Il pettegolezzo è comodo tanto quanto sedersi a fare aperitivo nel bar vicino casa. Le parole riempiono l’aria, le sedie si spostano, il movimento, la musica bassa, tutto là; nulla che vada per durare…

Al di là…

al di là di quel quarto d’ora passato per parlare dell’ultimo argomento, sarà un ricordo ben lontano, una volta a casa, perchè occupare il tempo con parole che non hanno il valore di essere dette?

Ci guardiamo senza darci una risposta, prefigurando un futuro migliore di quanto possiamo immaginare e poi non sappiamo venirne a capo, quando ciò che abbiamo attorno non è frutto delle nostre scelte…

siamo così umani nel perderci nelle nostre inconsapevolezze? Mi chiedo.

ne ho visti diversi e penso che altri passeranno accanto, in un continuo via vai che è la nostra quotidianità; sapere come andrà non ha preservato dall’errore, curioso? Non troppo.
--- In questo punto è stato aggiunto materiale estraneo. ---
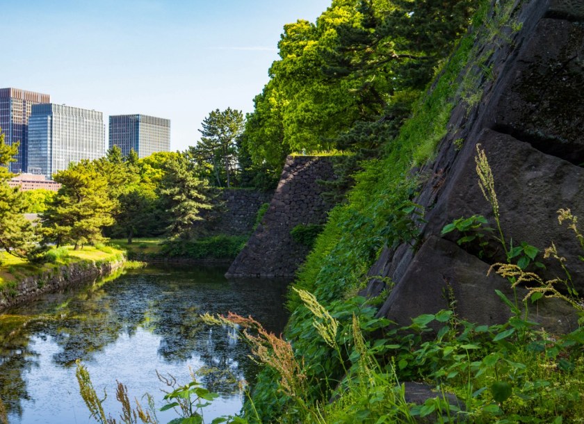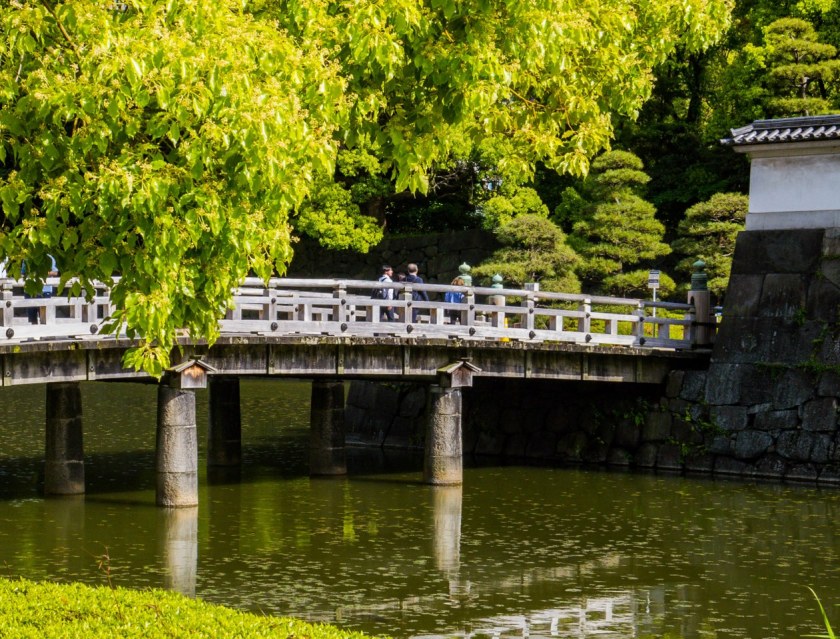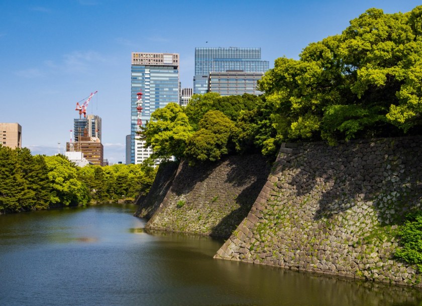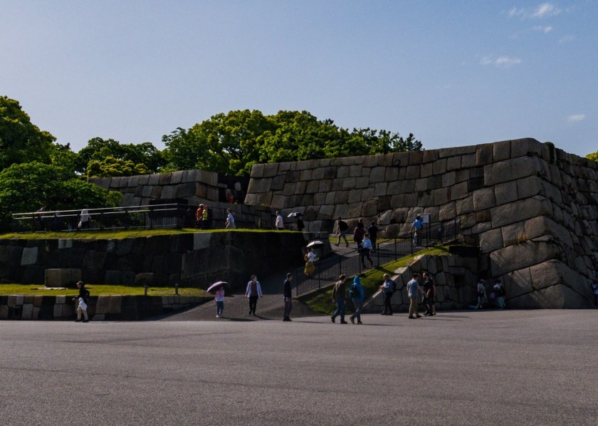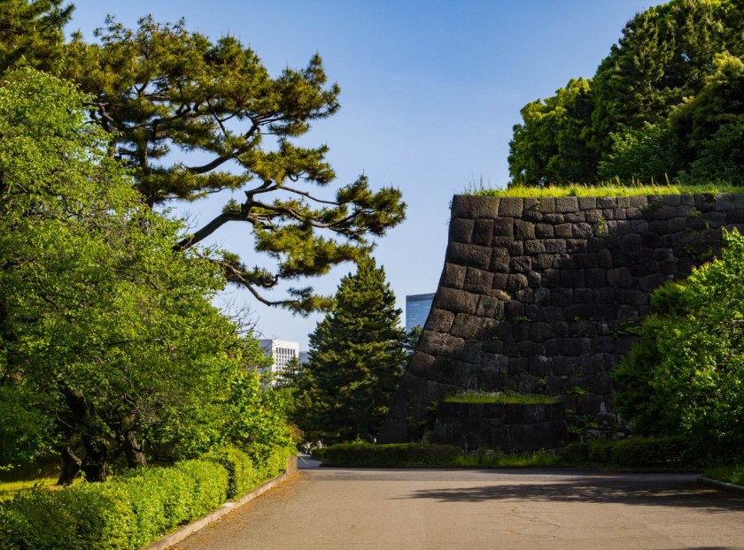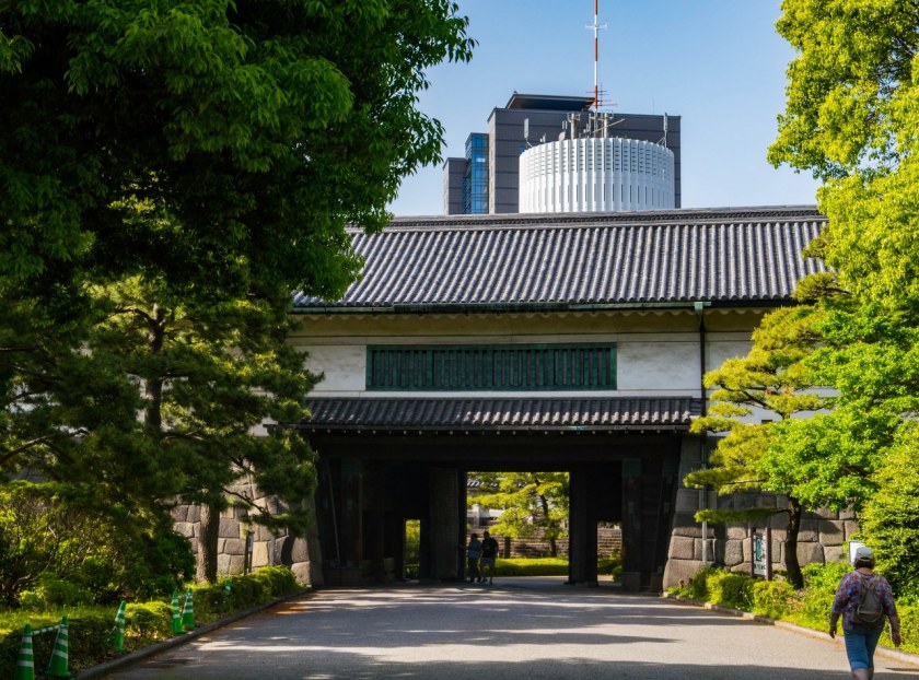 Pierwszy Pałac Cesarski zajmował ledwo skrawek przepastnego zamkowego kompleksu wzniesionego przez Tokugawów. Teren niegdyś gęsty od zabudowań, bram, bastionów i donżonów dziś zajęty jest przez trzy parki i ogrody, dostępne dla każdego. Po dawnych fortyfikacjach przetrwało raptem kilka budynków, dla cesarza i jego świty wybudowano nowe, inspirowane tradycją acz romansujące z nowoczesnością budynki, część z nich zobaczycie na wspomnianym oprowadzaniu. Co nieco na wyciągnięcie ręki macie również bez konieczności zapisywania się na jakiekolwiek listy – do ogrodów prowadzą wiekowe bramy, które wraz z olbrzymimi murami fos dają namiastkę tego jak cały kompleks musiał dawniej wyglądać.

Non puoi essere quella che tenta di cambiare un sistema, quella che ha qualcosa in più, una marcia in più, stavolta meglio restarsene un po’ nel retroscena di un sipario già impostato.

Osservando attori recitare la parte, prendendo parte al programma per quanto concesso, fino a quando non sarà venuto il momento di farsi del tutto da parte.

C’è chi si rende conto che è un poco tutto costruito.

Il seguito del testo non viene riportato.